- _TRY IT_: Read through the data below and state how many of its lines contain the word "Innova", adding nothing.

- _SOURCE MATERIAL_:
┌────────
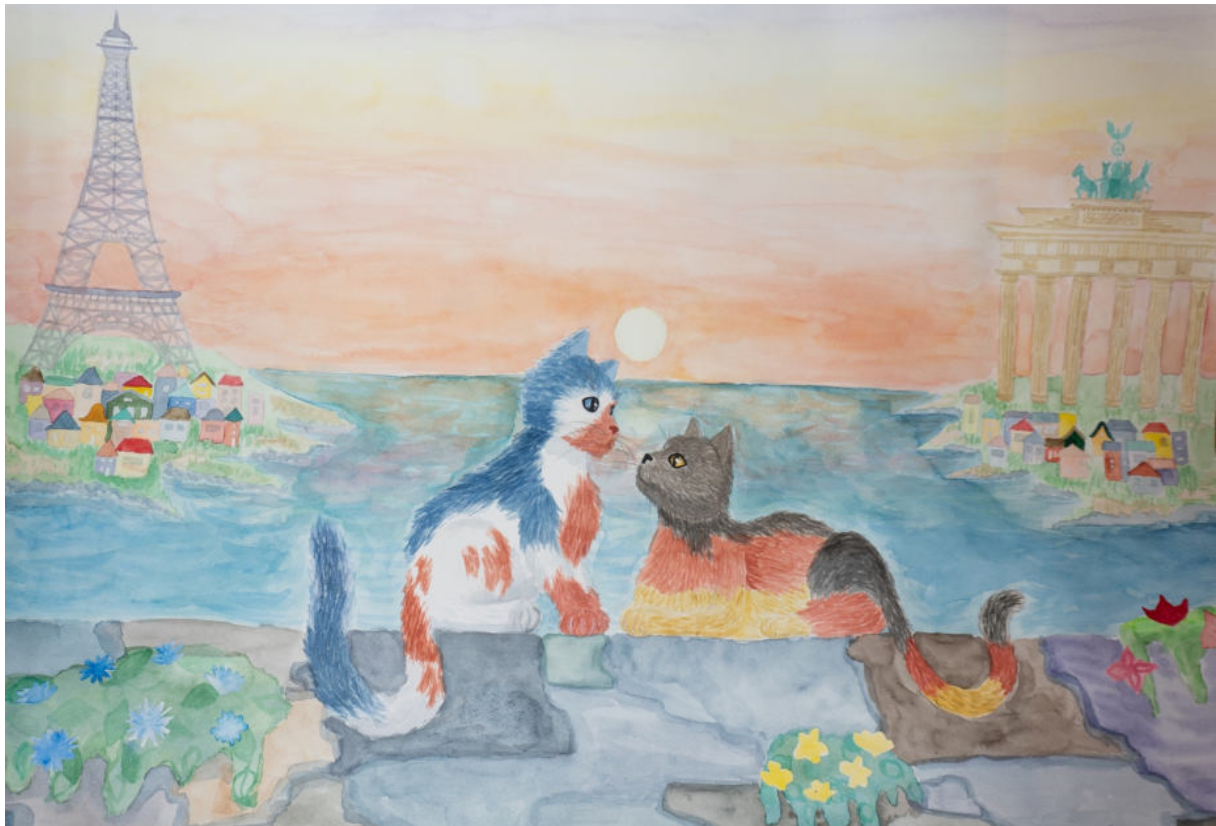
Platz 2 im Malwettbewerb: Zoe Chiara Keese (MSS 13)
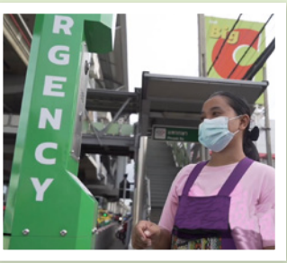
9 ทางขึ้นสถานีรถไฟฟ้า BTS แพรกษา บริเวณฟังห้างบิ๊กซี
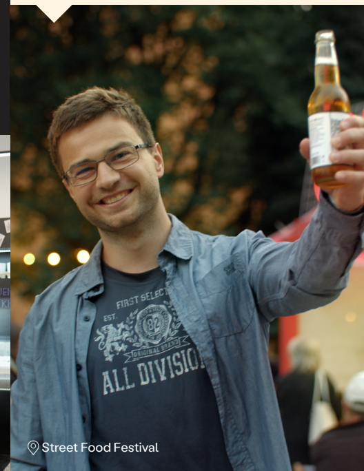
Street Food Festival

Ak na svojich cestách radi skúšate lokálne pochútky, v Košiciach vás miestni určite pošlú na legendárny hot-dog Robinček , ktorý pripravuje partia z food trucku Robin Street Food pred populárnym Kinom Úsmev. K hot-dogu si doprajte aj lokálne limonády a sajdre Opré!
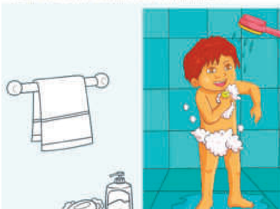
Página 14 del 'Texto de aprendizaje - 1er. año de Educación Inicial en Familia Comunitaria'.

Observamos las imágenes y comentamos sobre los cambios de sexo y contextos culturales.
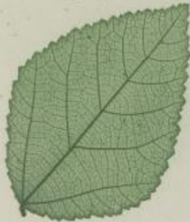
14. afrikanische Grewie; Grewia occidentalis. L.
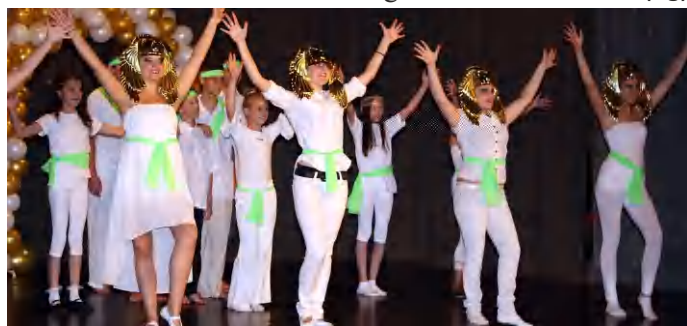
Sikert aratott Tapolcai Musical Színpad

színes szélesvásznú álomkabát, a Hotel Menthol című darabokból és Cserhádi Zsuzsa munkáságából. Az idősebbek és fiatalok produkcióját kiegészítette és emelte Őri Jenő zongorajátéka. A közel két és fél óras hangkavalkádot szünni nem akaró tapssal díjazta a többségben szülőkből és hozzátartozókból álló, lelkes közönség. (hg)
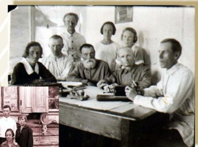
Кузнецкое окрстатбюро. Щегловск, 1930 год

Бюджеты рабочих наблюдались в Щегловске - на шахтах и химзаводе. Разработка их (а также и результатов обследования крестьянских хозяйств) производилась в Крайстатуправлении, туда же отправлялись и отрывные талоны по естественному и механическому движению населения. Установка на передачу большинства разработок из краевой статистики в окрстатотдел способствовала его превращению "из собирателя сведений в законченную статистическую организацию".
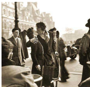
Hotel de Ville-ko musua
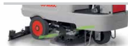
Innova 70 S

Innova 65/75/85 adoptan de serie un sistema que permite regular la pista de trabajo de 65 a 85 cm (Para mayor información, consulte el servicio de asistencia técnica)
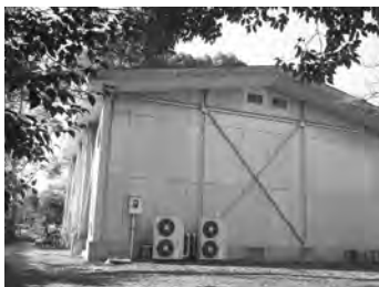
音楽系サークル共用練習室
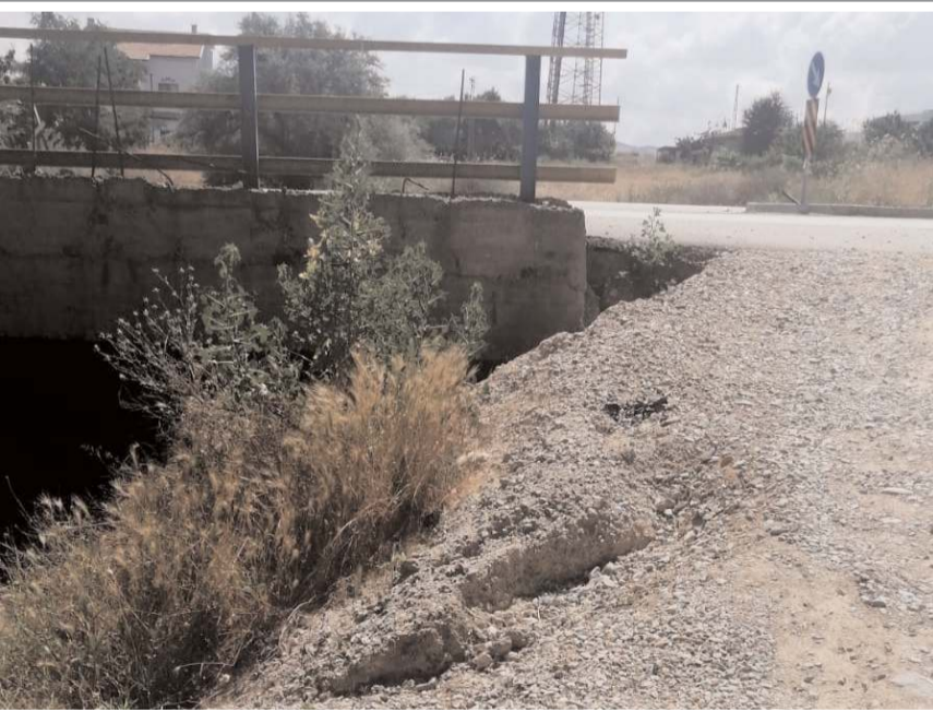
Sel suları nedeniyle ana yoldan bağlara dönüş kısmında bozulma meydana geldi.
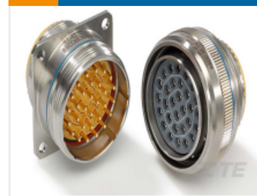
TE 产品编号ZPF000000000008632 983-6S 16-24 SN
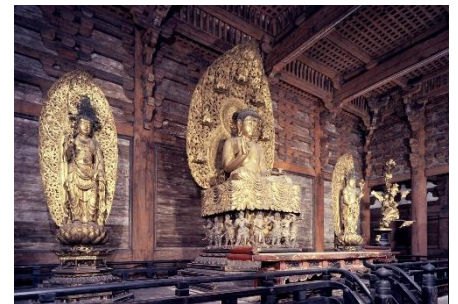
◎東寺 金堂内薬師三尊・十二神将

文明18年(1486年)に焼失。現在のものは豊臣秀頼が発願し、再興。慶長8年(1603年)に竣工。豪華雄大な気風みなぎる桃山時代の代表的建築。重要文化財である薬師三尊(日光菩薩、月光菩薩、薬師如来)と、薬師如来の台座周囲に配された十二神将がある。
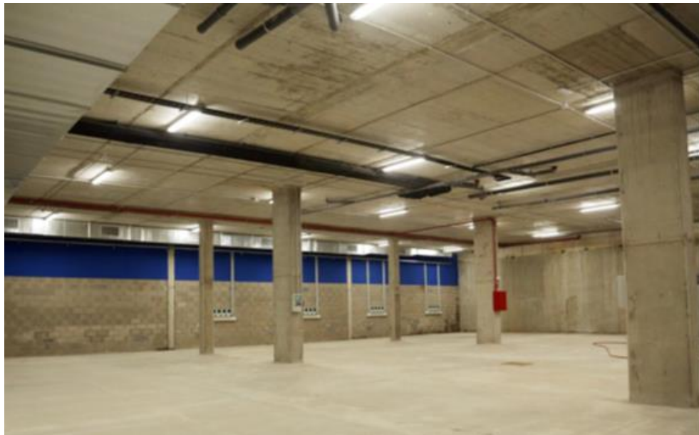
Aparcament i zona de càrrega dels vehicles elèctrics

L'edifici soterrat de dues plantes té com a ús principal el centre de neteja. A la planta soterrània hi ha l'aparcament amb la zona de càrrega elèctrica per als vehicles de la flota de neteja, una zona de gestió de residus amb un transferidor mecànic de contenidors i un dipòsit d'aigües freàtiques. A la planta a peu de carrer es troba l'espai d'oficines i logístic, els vestuaris i una sala polivalent.
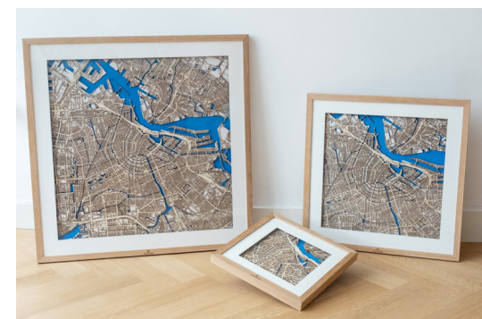
Eigen product: WoodMaps. Mooi vormgegeven stadskaarten die opgebouwd zijn uit 3 lagen die staan voor water, land en wegen. De kaarten zijn in ingelijst in een massief eiken lijst.
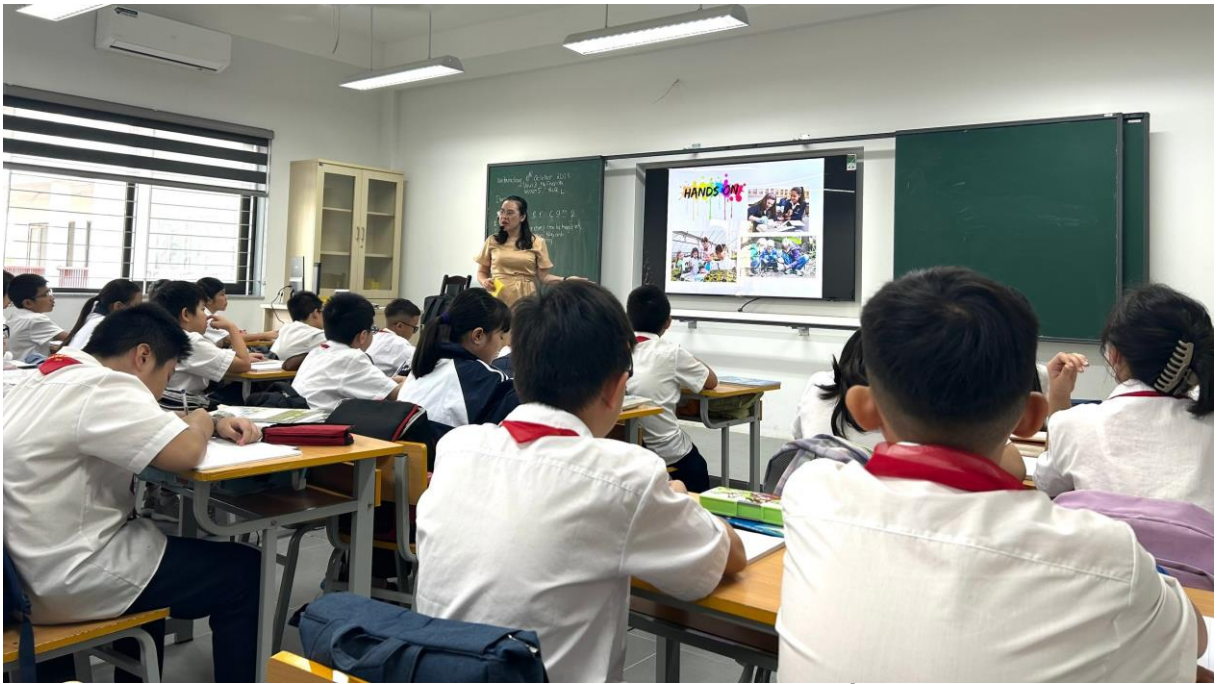
Hình ảnh: Cô và trò say sưa trong tiết học
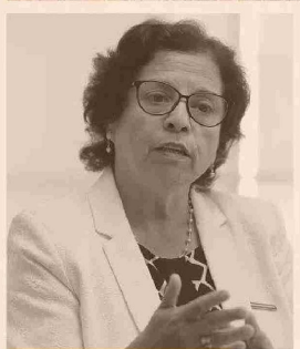
AURORA WILLIAMS, MINISTRA DE MINERÍA.
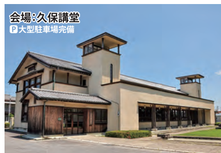
栃木県真岡市田町1345-1 旧真岡市科学教育センター北側 砂利駐車場北
└────────
- _YOUR RESPONSE_: 2